Chicca Is Running
Just outside town, through a white carpet of daisies hungry for sunshine, Chicca is running.
Arms stiff. Fists clenched.
The moon catches glimpses of her in hard-won peeks between thick olive branches.
Chicca is running and can’t stop.
Tiny dents, as careless as hurried brushstrokes, are pressed into the damp soil as she passes.
Sweat prickles her forehead. Countless salty droplets spring like miniature crystals from her eyes – now darker than ever – to trickle down to the corners of her mouth and along her tensed neck.
Her frizzy brown hair is pulled back into an untidy ponytail that bounces in time to her moving body, slapping against shoulders covered only by a light cotton shirt.
Chicca is tired.
She continually looks behind her as she runs. He is still there; she can see him perfectly. He’s too fast.
Her breasts start to hurt and she tries to hold them with one arm. She uses the other to pick up her pace.
Her breath is labored, as tired as she is. She sucks air directly into her lungs through open lips, and her heart is beating so hard that for a split second Chicca fears it may have stopped.
Tomorrow is a school day. She hasn’t even properly revised chemistry because Sunday evenings are not for homework, they’re for going into the center. Who knows if she might bump into that boy she likes? Anyway, she really doesn’t care about chemistry. She wants to be a flight attendant.
Chicca is fifteen years old, and in a few minutes’ time that’s as old as she will ever be.
Just outside town, through a white carpet of daisies hungry for rain, Paolo is running.
Arms stiff. Fists clenched.
His movements are uncertain, clumsy: he’s got only one shoe. He must have lost the other one, the right one.
He’ll come back and look for it later.
Paolo is running and doesn’t want to stop.
His cotton sock is starting to come off, having soaked up the colors and smells of the earth.
Not a single cloud shades the baking sun. With one hand, he quickly unzips his hoodie and, without breaking stride, he pulls it off and lets it fall noiselessly to the ground.
His furrowed brow keeps his thick and curly dark hair out of eyes the color of the sky.
Paolo is tall. Tall and thin. He’s one of those handsome, clever types that are bound to go to university straight out of high school. After graduating, he’ll work in one of those hospitals you see only on TV.
Paolo is tired, but he uses the little breath he has left in his body to scream, waking up the daisies as he runs past.
Chicca has stopped under a huge olive tree, exhausted. Her right hand presses against the bark, her left against her heart, trying to calm its mad beating. Her thighs, calves and feet tremble like young leaves in the northern wind.
She sinks to the ground, giving in to its embrace, then closes her eyes and cries.
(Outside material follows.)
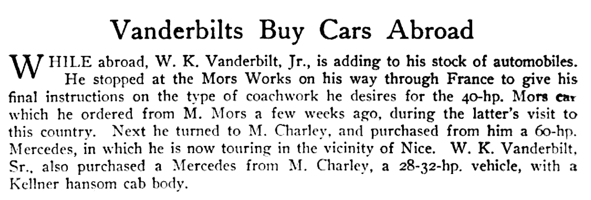 A new Mors and Mercendes for Willie K. in 1905. (Automobile Topics Mar. 18, 1905)
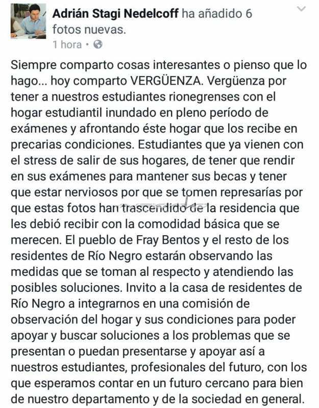 Siempre comparto cosas interesantes o pienso que lo hago... hoy comparto VERGÜENZA. Vergüenza por tener a nuestros estudiantes rionegrenses con el hogar estudiantil inundado en pleno período de exámenes y afrontando éste hogar que los recibe en precarias condiciones. Estudiantes que ya vienen con el stress de salir de sus hogares, de tener que rendir en sus exámenes para mantener sus becas y tener que estar nerviosos por que se tomen represarías por que estas fotos han trascendido de la residencia que les debió recibir con la comodidad básica que se merecen. El pueblo de Fray Bentos y el resto de los residentes de Río Negro estarán observando las medidas que se toman al respecto y atendiendo las posibles soluciones. Invito a la casa de residentes de Río Negro a integrarnos en una comisión de observación del hogar y sus condiciones para poder apoyar y buscar soluciones a los problemas que se presentan o puedan presentarse y apoyar así a nuestros estudiantes, profesionales del futuro, con los que esperamos contar en un futuro cercano para bien de nuestro departamento y de la sociedad en general.

They’ll be waiting for me at home, she hopes.
They will come and look for me, she prays.
Then a hand grabs her hair and for Chicca there are no more colors, lights, shapes.
No more seasons, Christmases or Friday night dinners.
There is only a man raping a small woman.
Breath possessing other breath.
Chicca scratches, bites, cries. Dirtied with soil and blood, her hands trace abstract shapes on the sweaty body of that nameless man. She has stopped screaming because he told her that if she does it again he will be forced to kill her. And Chicca doesn’t want to die. All she wants is to go home.
Her eyes are wider and darker than ever. They are reflected in his. She is trapped inside him. There is no escape.
The man’s weight presses her lungs apart, rips out her soul.
He is too big, too strong. His rough, calloused hands squeeze around her tiny neck. Chicca looks at him. She stares at the deep lines on his forehead, around his eyes. His sparse hair, grey with age. His clenched teeth. Prickly beard.
A scream.
Chicca has nothing now, not even herself. Just a few blades of grass in her hands and the moonlight on her pale face. A button has fallen off her lilac shirt. Who knows if anyone will notice? Who knows if anyone will bother to sew it back on?
The elastic band from her ponytail must have come off at some point. Everything she was wearing is now strewn willy-nilly over the field, disturbing the quite order of nature.
Chicca lies quite still, her neck bruised. Her eyes – dulled – stare at nothing in the starry sky, though a final, indiscernible sound remains trapped between her lips.
Paolo receives a phone call.
From his parents.
Crying. No: screaming. Screaming something about God, about Chicca. There’s a field. A monster. More about God, and Chicca.
That’s when he starts to run.
Arms stiff. Fists clenched.
Just outside town, through the white carpet of daisies, runs a small patch of ground where nothing grows anymore.
In the dirt nearby glints a tiny button.